Skip to first unread message

Sep 28, 2006, 11:49:25 AM9/28/06

to

I recently ran into this statement

"Some roadway and traffic variables have a clear effect on the lateral

position of the motorist

during both passing and non-passing events. However, several variables

are only statistically

significant in one of these cases. One regression model may include a

variable that is statistically

insignificant if it is significant in the other in order to maintain

the same independent variables

among the two events and to ultimately generate a measure for the

change in lateral position of

the motorist."

I am not a statistician but this struck me as a bit strange. Can anyone

comment on the idea of keeping a non-significant variable in a model in

order to match another model? I

Sep 28, 2006, 6:15:38 PM9/28/06

to

On 28 Sep 2006 08:49:25 -0700, "John Kane" <jrkr...@gmail.com>

wrote:

wrote:

What makes sense is to keep variables in models because you

expect them to be meaningful.

The too-frequent, common mistake is to drop variables from an

equation merely because they fail to be "statistically significant"

in a particular case.

The question of stepwise regression has comments from years

ago collected in my stats-FAQ.

--

Rich Ulrich, wpi...@pitt.edu

http://www.pitt.edu/~wpilib/index.html

Sep 28, 2006, 9:04:36 PM9/28/06

to

Richard Ulrich wrote:

> On 28 Sep 2006 08:49:25 -0700, "John Kane" <jrkr...@gmail.com>

> wrote:

>

> > I recently ran into this statement

< not very informative nor necessary statement snipped to answer

the stated question>

> >

> > I am not a statistician but this struck me as a bit strange. Can anyone

> > comment on the idea of keeping a non-significant variable in a model in

> > order to match another model?

Variables that are not "statistically significant" are kept NOT for

the reason of matching anything in most of the common usage.

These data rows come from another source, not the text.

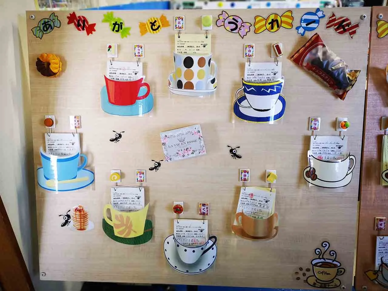 On the plant tour, we saw a great example of how they influence happiness. Every area had a themed thank you card area. It's a formal way for employees to express their appreciation for one another. As with Ina Foods, their reward system is not extrinsic. The team members' thank you cards can be seen next to each other. Employees are identified by icons and encouraged to give at least one thank you card to each other monthly. One of the team's boards was themed around a Japanese folk tale. A second team used donuts and coffee. One group used a Ferris wheel, where the employee with the most thank you's would fall to the bottom and catch a prize on the way down.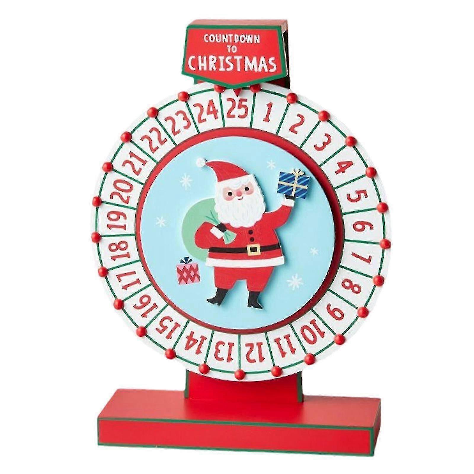 Wooden Santa Claus Turntable Decor Christmas Countdown Advent Calendar Wheel Ornament For Xmas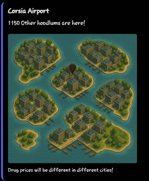 one of the best discord bot game ever. i called it the 'GTA' of discord. i imagined what features would be added in the future. this game has so much potential.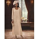 Dos Piezas Funda Columna Hasta el Tobillo Bordado con cuentas Vestido Invitada Boda Vestido formal Vestido de Madrina Manga Larga Escote en Pico Elegante Brillos Y Estrellas Invitado a la boda |
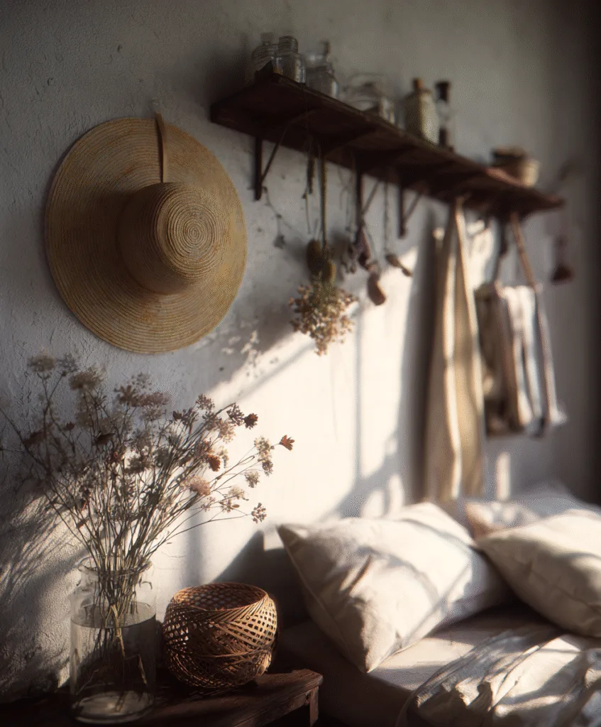 I needed something practical but cute. So I mounted a peg rail above the bed and used it to hang dried flowers, a tiny basket, and even a sunhat.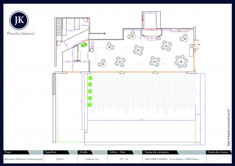 Le chef en constante évolution nous à sollicité pour adapter l'ambiance, le mobilier et les matériaux de son établissement pour être en accord avec son univers gastronomique afin de surprendre sa clientèle.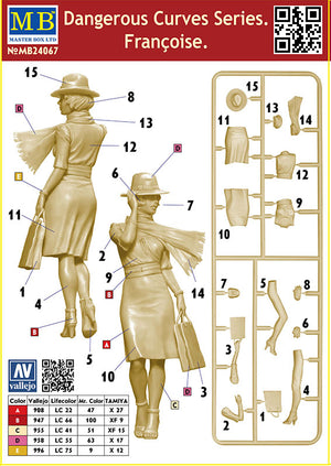 Master Box 24067 1/24 Dangerous Curves Series. Francoise. This kit includes parts for the assembly of one plastic model kit. The set requires both glue and paint in order to be completed. Paints and glue are not included. For modelers aged 14 and older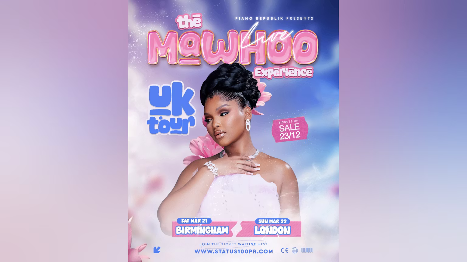 You can purchase tickets here: https://status100pr.com / https://www.fatsoma.com/e/96xaofsc/mawhoo-live-in-london?utm_source=chatgpt.com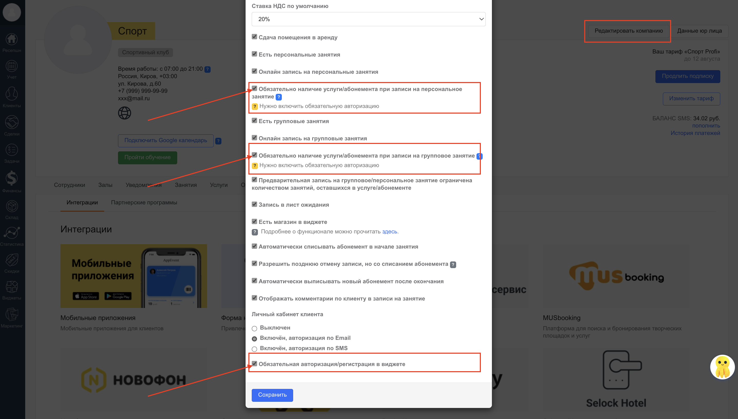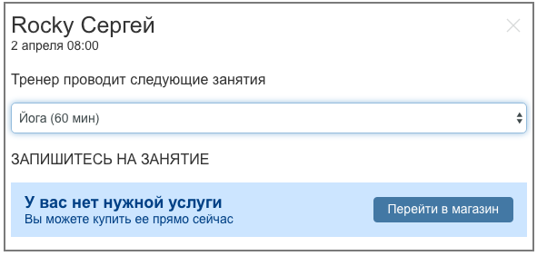 Эти параметры включают проверку наличия услуги при записи на определенное занятие и показывают клиенту окно покупки, если услуги нет.

Statistically REDUNDANT (superfluous, unnecessary) variables

are dropped because they not only add nothing to the model

but they may in fact make the model worse, much worse, in

terms of precision and stability.

Once you get away from those redundant variable cases, the

simplest answer to WHY you keep statisticall not-significant

variables is that for many problems, while they are not

statistically significant, they are much better than nothing. :-)

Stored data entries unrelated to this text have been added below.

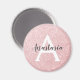 Chic und Glam blush rosa Rosa Gold Glitzer Glitzern metallische Magnet, mit einem großen, weißen Monogramm Initial und Ihrem individuelle Name in einem eleganten grauen Drehbuch Schriftart. Personalisieren Sie diesen trendigen Magneten mit Ihrem Namen oder Monogramm Initial. Sie können Textfarbe, Schriftart und Schriftgröße mit der Option Anpassen ändern.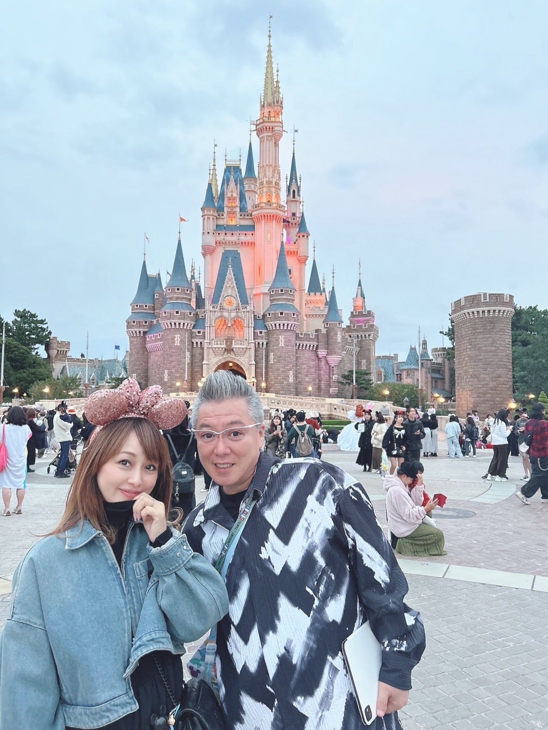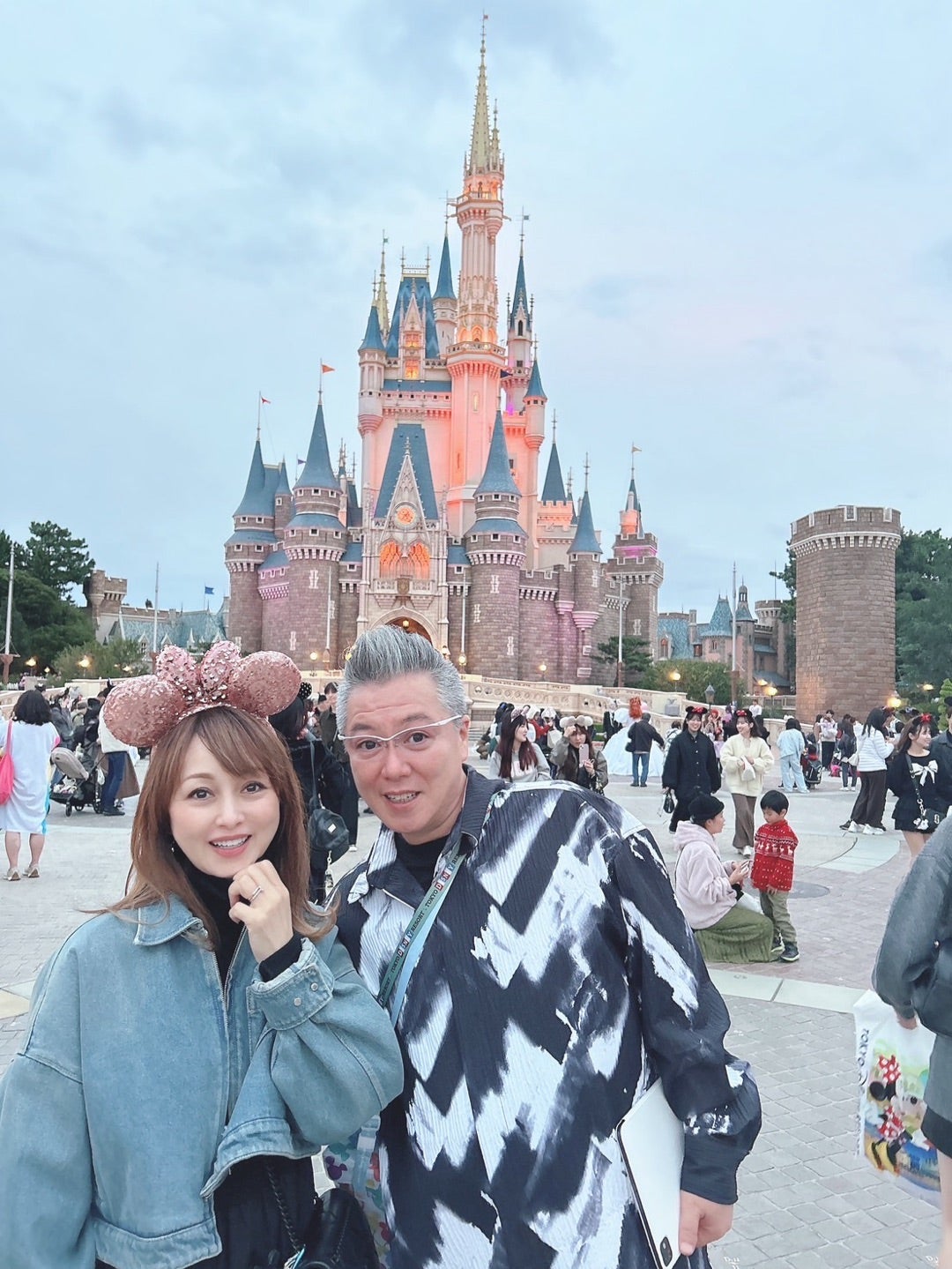 歌手でタレントの渡辺美奈代が11月5日、自身のオフィシャルブログを更新。夫・もやしくん(愛称)とともにディズニーランドへ訪れたことを明かし、仲睦まじい夫婦ショットを公開した。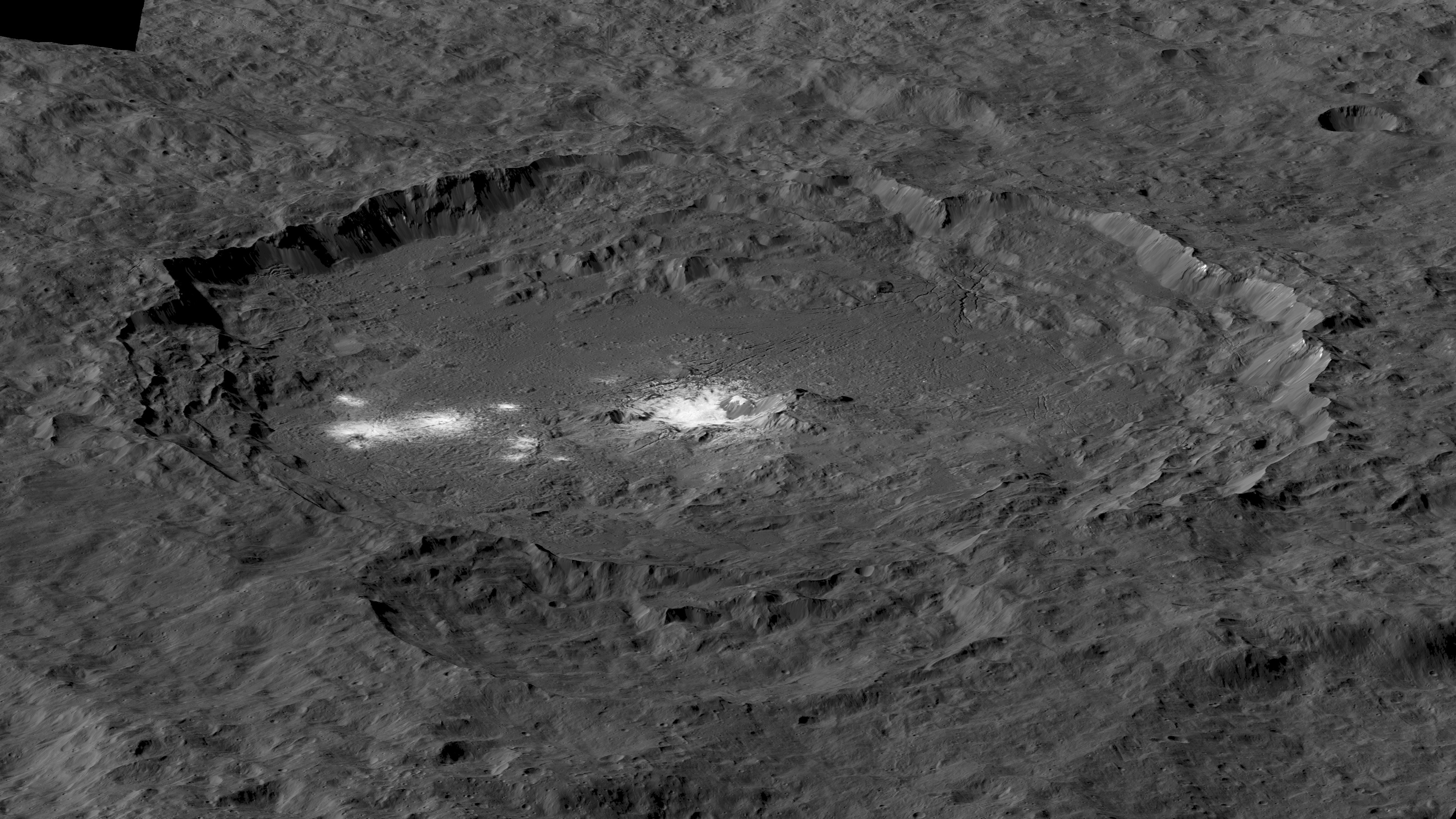 This simulated perspective view shows Occator Crater, measuring 57 miles (92 kilometers) across and 2.5 miles (4 kilometers) deep, which contains the brightest area on Ceres. This region has been the subject of intense interest since Dawn's approach to the dwarf planet in early 2015.

If you drop variables because they are statistically NOT

significant, they you may find, especially for sociological

data, that often you may end up with NO VARIABLE in a

regression equation because you have drop everything. :)

>

> What makes sense is to keep variables in models because you

> expect them to be meaningful.

That may be true sometimes, but often NOT true for seeking

only FITTING or PREDICTION models.

The "meaningful" idea is one of the common abuses by

social scientists in their misapplication of regression methods.

Variables do not have their unique meanings. In a multiple

regression, the meaning of a variable is its effect IN THE

PRESENCE OF ALL OTHER VARIABLES in the equation.

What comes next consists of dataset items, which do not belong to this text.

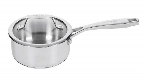 Die elegante CHEFS&CO Stielkasserolle aus hochwertigem Edelstahl verkörpert Eleganz, Widerstandsfähigkeit und Langlebigkeit. Die Mitte des Edelstahlgriffes ist hohl, wodurch er kühl bleibt und die Handhabung angenehm macht. Dank der Materialverstärkung am Ende des Griffes kann bei der Reinigung in der Spülmaschine kein Wasser eindringen und gleichzeitig lässt sich die Stielkasserolle dadurch sicher und stabil aufhängen. Der Glasdeckel mit Dampföffnung für bequemes Sichtkochen verhindert unnötigen Wärmeverlust oder ein Vakuum. Durch den dicken Boden wird die Wärme optimal gespeichert und gleichmässig auf das Kochgut verteilt.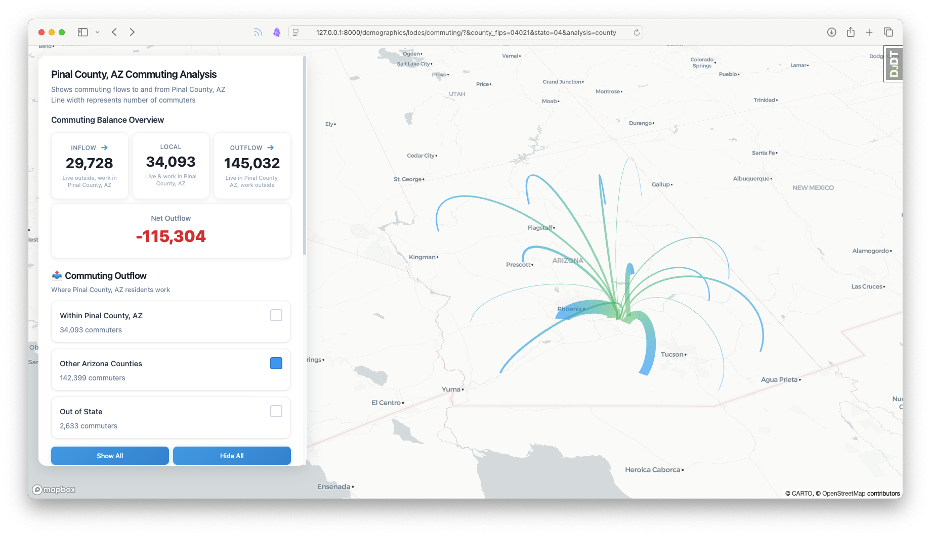 1) I've been working on building out a LODES data visualizer (where people work, where they live, and the connections between the two locations) for Sitehunt.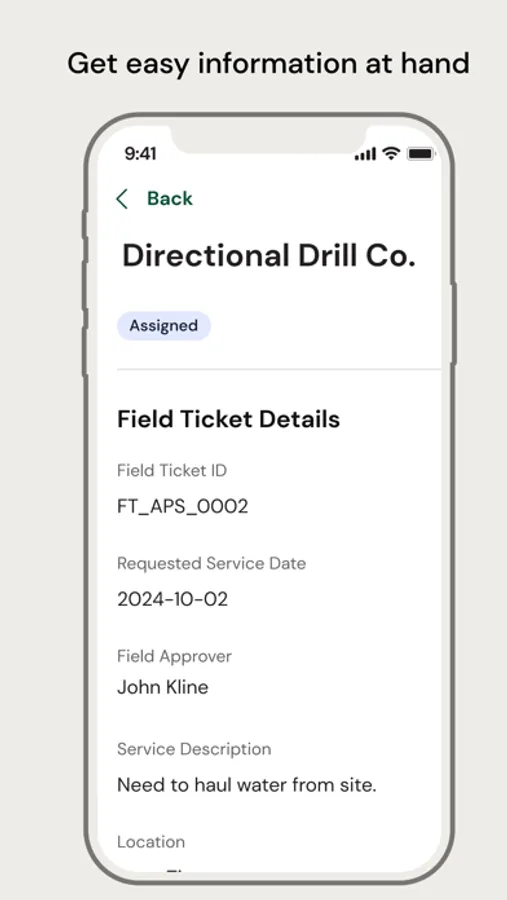 Tap into assigned tickets for more information. Once the field ticket is complete, submit it along with any supporting documents. And if there are any issues, you’ll see why a submission is rejected with a note from the client. Good news is, resubmission is easy.

Therefore, the same variable may have thousands of

different meanings, all depending on which are the OTHER

variables in the equation.

> The too-frequent, common mistake is to drop variables from an

> equation merely because they fail to be "statistically significant"

> in a particular case.

That statement is clearly UNTRUE.

The dropping of variables is when the variables are "statistically

redundant" (or unnecessary) in the presence of other variables

already in the regression model.

> The question of stepwise regression has comments from years

> ago collected in my stats-FAQ.

Most comments I've seen are irrelevant, impertinent, or

technically flawed comments.

The problem in question, and the approach to the solution

of teh problem have very little, if anything, to do with

stepwise regressions.

-- Reef Fish Bob.

Sep 29, 2006, 11:07:36 AM9/29/06

to

Reef Fish wrote:

> Richard Ulrich wrote:

> > On 28 Sep 2006 08:49:25 -0700, "John Kane" <jrkr...@gmail.com>

> > wrote:

> >

> > > I recently ran into this statement

>

> < not very informative nor necessary statement snipped to answer

> the stated question>

> > >

> > > I am not a statistician but this struck me as a bit strange. Can anyone

> > > comment on the idea of keeping a non-significant variable in a model in

> > > order to match another model?

>

> Variables that are not "statistically significant" are kept NOT for

> the reason of matching anything in most of the common usage.

>

> Statistically REDUNDANT (superfluous, unnecessary) variables

> are dropped because they not only add nothing to the model

> but they may in fact make the model worse, much worse, in

> terms of precision and stability.

>

> Once you get away from those redundant variable cases, the

> simplest answer to WHY you keep statisticall not-significant

> variables is that for many problems, while they are not

> statistically significant, they are much better than nothing. :-)

>

> If you drop variables because they are statistically NOT

> significant, they you may find, especially for sociological

> data, that often you may end up with NO VARIABLE in a

> regression equation because you have drop everything. :)

>

> >

> > What makes sense is to keep variables in models because you

> > expect them to be meaningful.

But in the context (that Bob clipped) the intend seems to be to make

the model somehow comparable to another model . This does not seem to

make sense. I can see keeping the variables if you expect them to be

useful when examing another data set particularly if there is a

theoretical reason.

>

> That may be true sometimes, but often NOT true for seeking

> only FITTING or PREDICTION models.

That was my thought and this was clearly an engineering study intended

for this purpose.

>

> The "meaningful" idea is one of the common abuses by

> social scientists in their misapplication of regression methods.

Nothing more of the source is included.